Important: Using rvalue references does not eliminate the need for the expression templates technique –there are still many things that won't be optimized. The expression templates technique allows one to write code that recognizes how types are used and transform them (to presumably equivalent, more efficient forms). With matrices, such can be used to determine at compile-time an optimal way to perform matrix multiplication (in expressions with varying matrix sizes) such as:

Matrix d = a * b * c;

Moving Stuff Around

In the above example the temporary variables, t1 and t2, were rvalues and the compiler should have somehow reused t1 instead of also making t2. But, the compiler is not human and does not know the programmer's intention or anything about matrices!

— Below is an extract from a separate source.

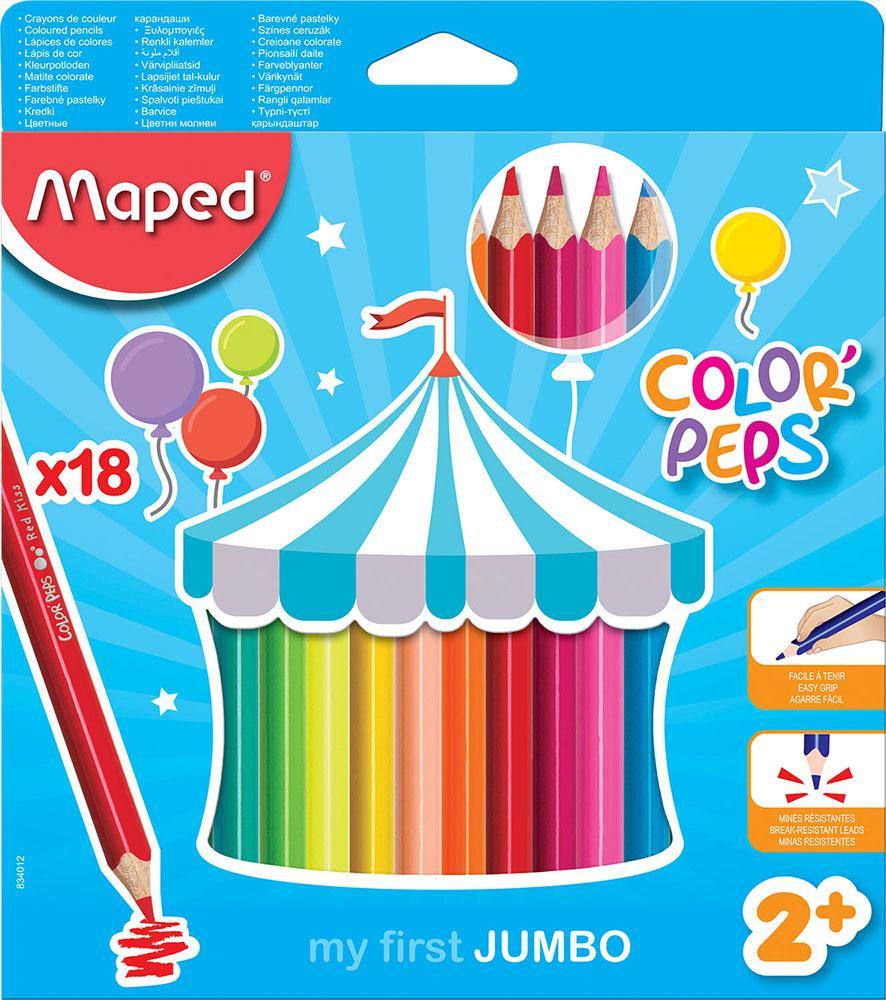 Barvice Maped so kakovostne barvice, mine so odporne na lomljenje, odtenki pa so intentivni. Jumbo velikost omogoča mlajšim otrokom pravilen in lažji oprijem barvice. V kartonski embalaži je 18 različnih odtenkov.

This means the compiler cannot simply reuse t1 and call operator +=(t1,c) instead: it was told to only call operator +!!.

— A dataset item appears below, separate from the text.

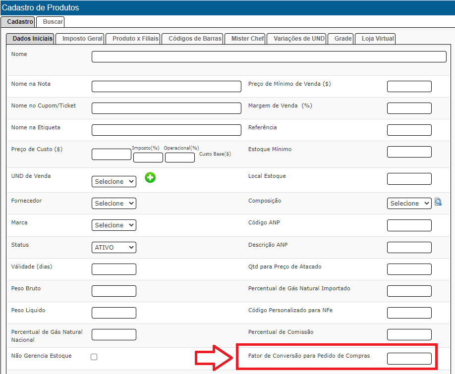 É utilizado para transforma a quantidade de compra em quantidades de venda do ERP.

So how can rvalue references help with expressions like Matrix d = a + b + c;? Through the definition of move constructors and move assignment operators, they allow the programmer to implicitly tell the compiler how to efficient move the contents/state of one rvalue variable to another. This is particularly handy since the compiler actively does create temporary variables when evaluating expressions that the programmer otherwise has no control over! Re-examining Matrix d = a + b + c;:

  1. First the compiler must make a temporary to perform a + b. Let's again call this temporary t1. So there are no changes here.
  2. Next the compiler will perform t1 + c this too will return a copy. Hey, there are no improvements!! Let's stop.

Yes, there are no improvements. To get them, the Matrix class (and the types it internally uses) need to define move constructors and assignment operators. Nicely a C++11 compiler will define default ones –which are of benefit if the underlying types define such (e.g., Matrix' use of std::vector). So, I lied: there were improvements, but, unless one understands the move constructor and move assignment operator, it is hard-to-comprehend what benefits are obtained through the use of rvalues.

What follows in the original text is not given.